Standard Register lays off 250 workers, Announces Cost Reduction Plan
Press release from the issuing company
7/23/07 -- Standard Register has completed a restructuring action as part of an overall plan to reduce its annual operating costs by $40 million. Earlier this year, the Company consolidated its manufacturing and warehousing operations in a move expected to save approximately $5 million annually. Today's action eliminated approximately 250 positions, primarily in management and overhead, representing $22 million annually in compensation and related costs. Other new initiatives that target purchasing costs and other non-compensation expenditures are expected to lower costs by an additional $13 million annually.
These actions, including the earlier restructuring, are expected to reduce second half 2007 costs by $15 million versus the levels incurred in the first six months of the year. The remaining balance of the $40 million in annual savings is expected next year. Separation costs associated with today's restructuring are estimated at $3.5 million, which will be recorded in the third quarter.

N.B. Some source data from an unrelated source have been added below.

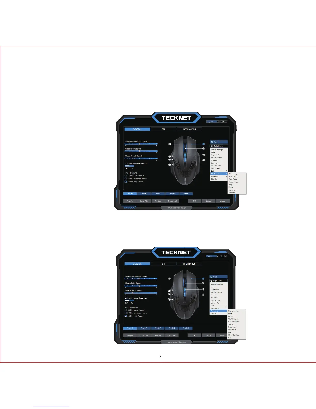 If you would like to set up for “Right Button”, click it first and a drop-down menu will show up, select
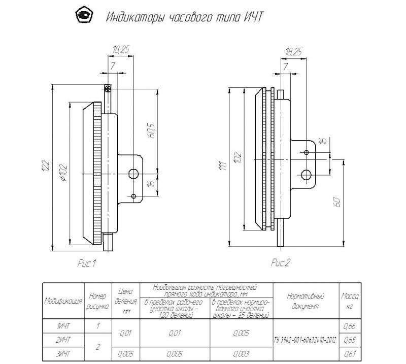 Пример условного обозначения индикатора часового типа 2 ИЧТ - Индикатор 2 ИЧТ ТУ 3942-001-60632410-2012.
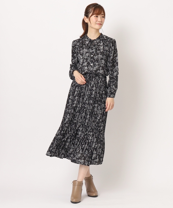 フェミニンなディティールが顔周りを華やかに演出するブラウスとプリーツスカートのセットアップ。
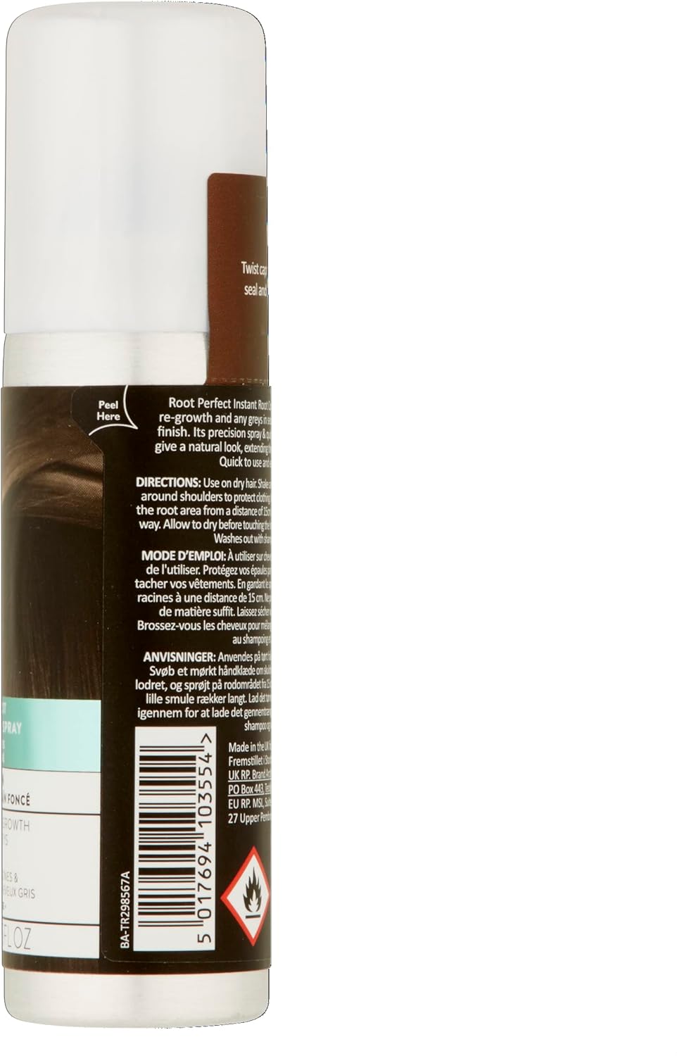 ROOT PERFECT INSTANT CONCEALER: In need of a quick touch-up? Spritz the Root Perfect Instant Root Concealer Spray across your hair for a quick and easy fix. Our colour-reviving formula effectively hides greys, roots, and regrowth for an all-day flawless finish.
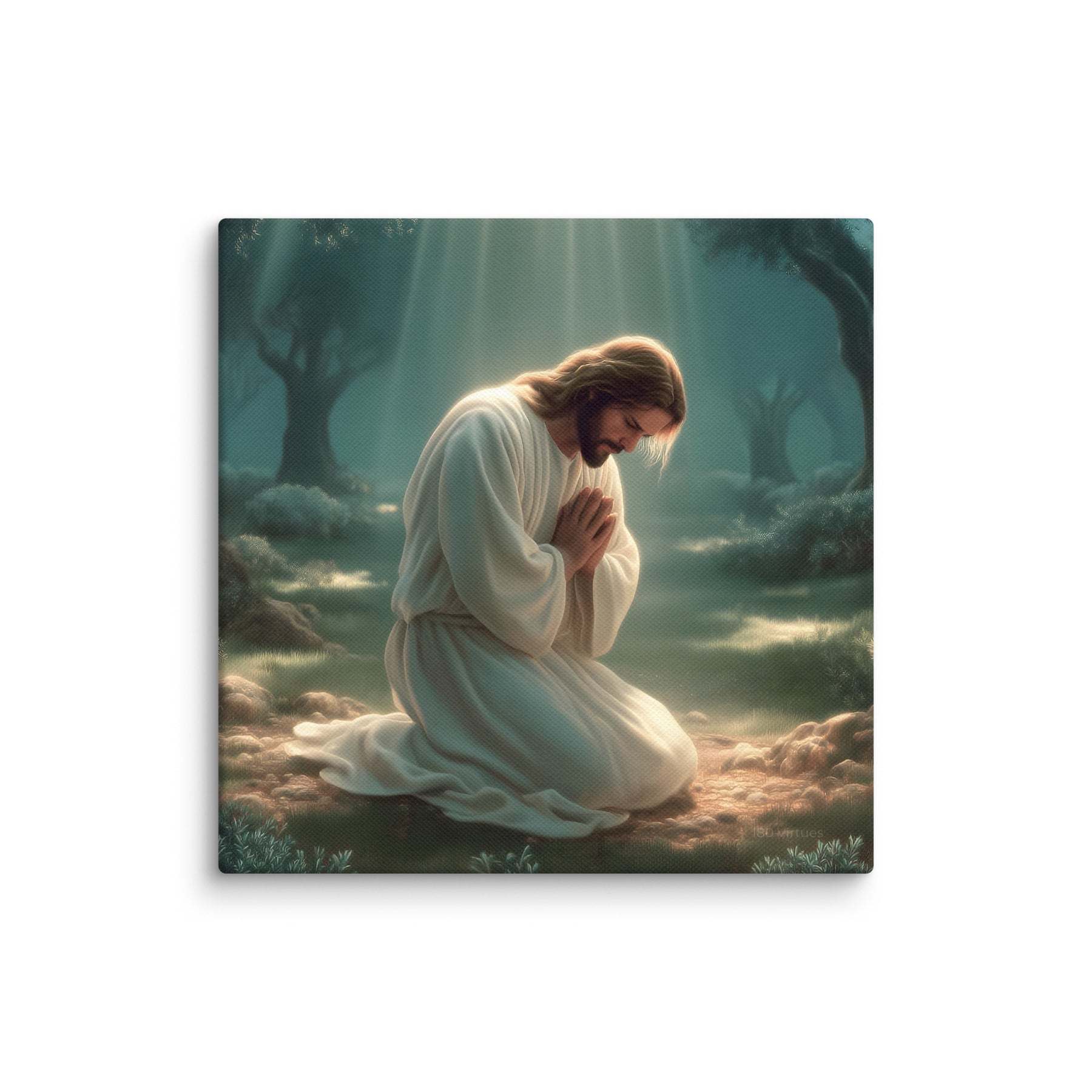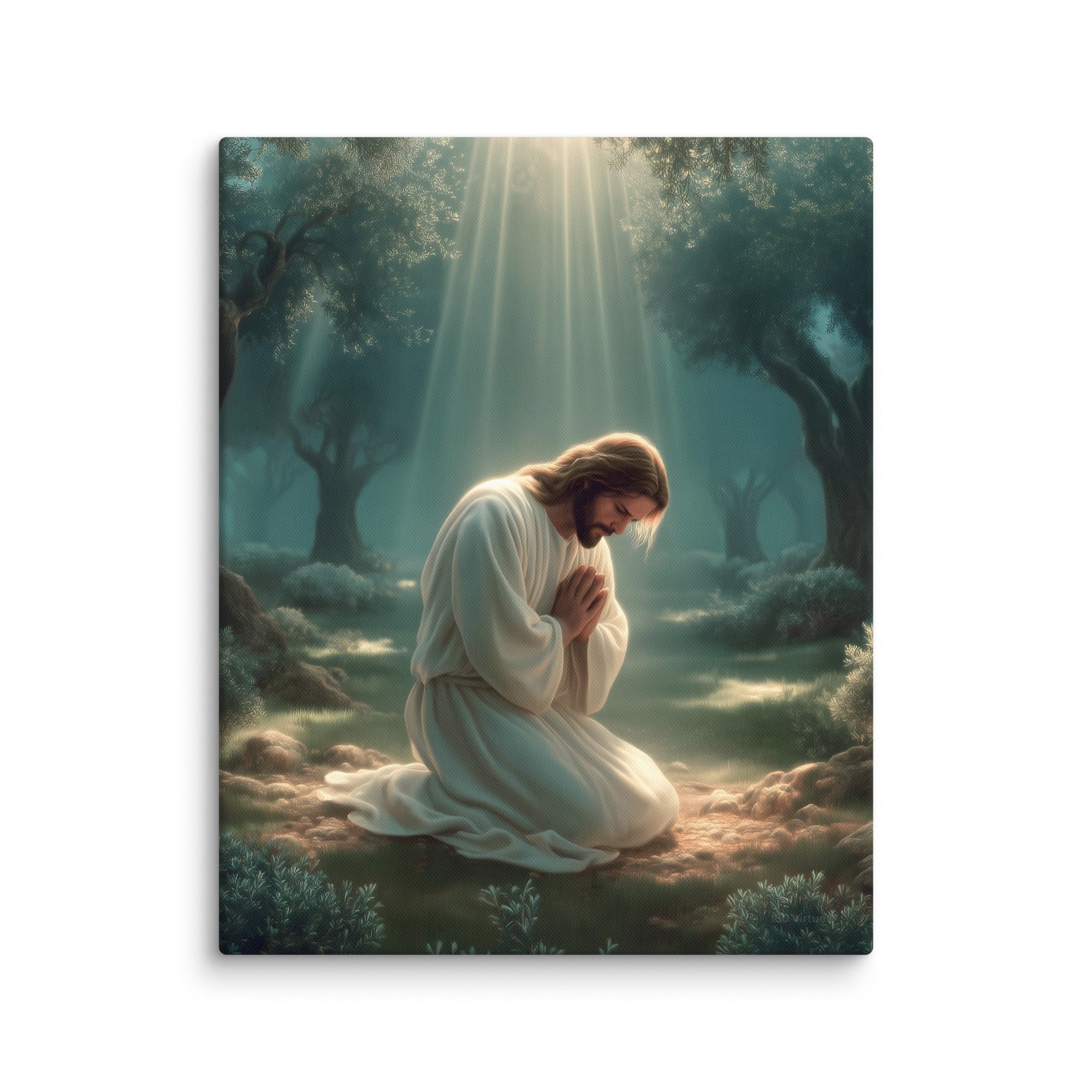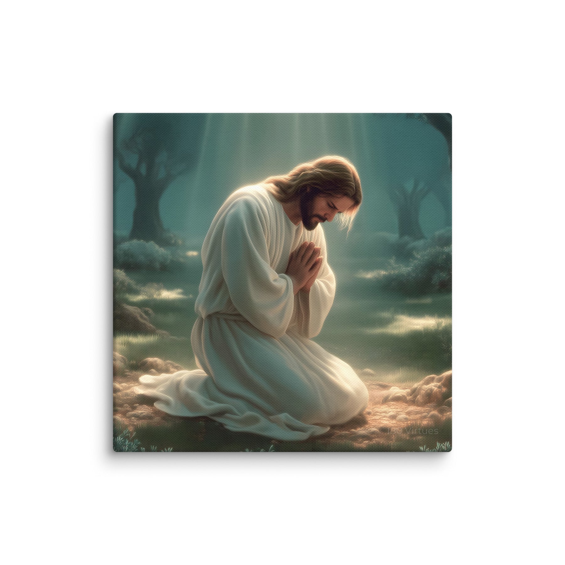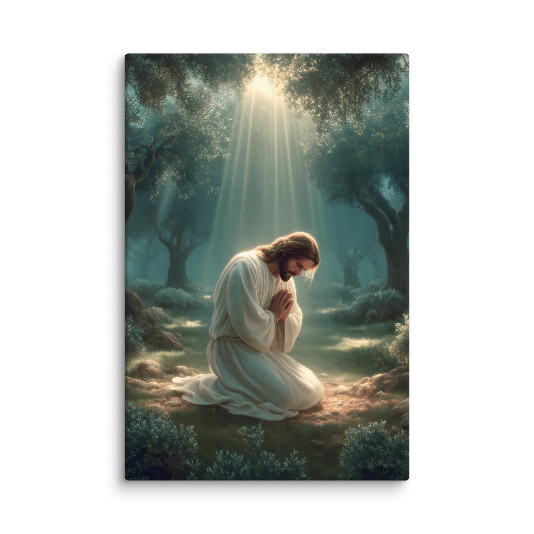 This artwork highlights the tenderness and divinity of Christ’s prayer, reminding us of His infinite love and willingness to bear the weight of the world. The soft glow illuminating His white robes symbolizes hope, mercy, and the divine strength that sustained Him through His suffering. Perfect for homes, prayer rooms, churches, and meditation spaces, this canvas brings a calming sense of holiness—inviting all who see it to pause, breathe deeply, and feel the nearness of the Savior.
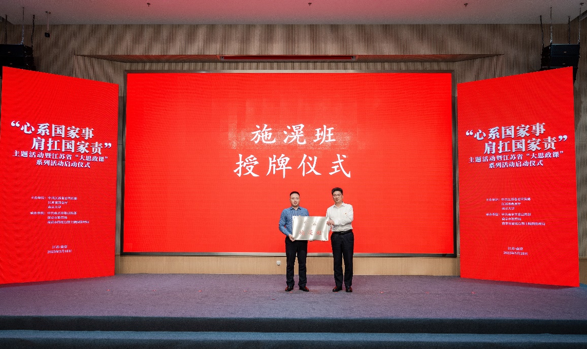 为进一步弘扬雨花英烈留学报国精神,雨花台烈士纪念馆馆长刘斌向太阳成集团tyc公司党委副书记周安授牌“施滉班”,希望同学们以施滉烈士坚如磐石的理想信念和矢志救国的精神为引领,为中华民族伟大复兴贡献青春和智慧。
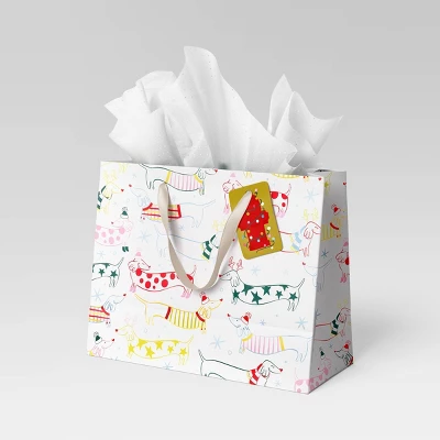 Add canine charm to your seasonal gifting with this Christmas Humble Cheer Large Dachshund Sweater Gift Bag from Wondershop™. This paper gift bag features allover print of dachshunds wearing sweaters for a cute and whimsical look. The large size makes it great for handing out gifts, goodies and more, and it has white ribbon handles for easy carrying.
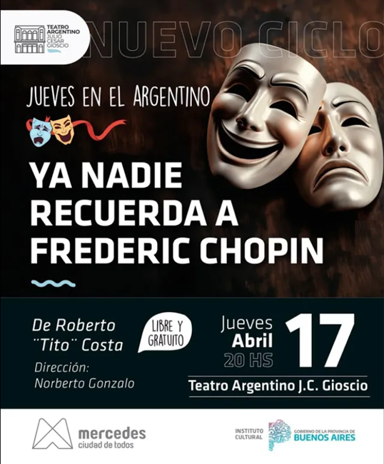 YA NADIE RECUERDA A FRÉDÉRIC CHOPIN, un viaje por la honda espesura de la memoria, hacia a un 17 de octubre que se repite en añoranzas y ausencias. El gran dramaturgo Tito Cossa invita a recorrer la magia, que confunde y borra los límites entre realidad y fantasía, mientras suenan en el piano acordes de nocturnos y polonesas.

"We are engaged in an industry undergoing fundamental change," said Standard Register's president and chief executive officer, Dennis Rediker. "Digital technology is, as is almost always the case with any disruptive change, both friend and foe. Our traditional business documents are essential for the conduct of business, but many are being replaced or devalued by software. On the other hand, digital technology introduces new opportunities, such as print-on-demand services, for those willing to invest. Our Company's history is one of adapting to change and our goal is to persevere and grow in the digital age. This cost reduction program is a necessary step for the Company to achieve its long-term objectives," said Rediker.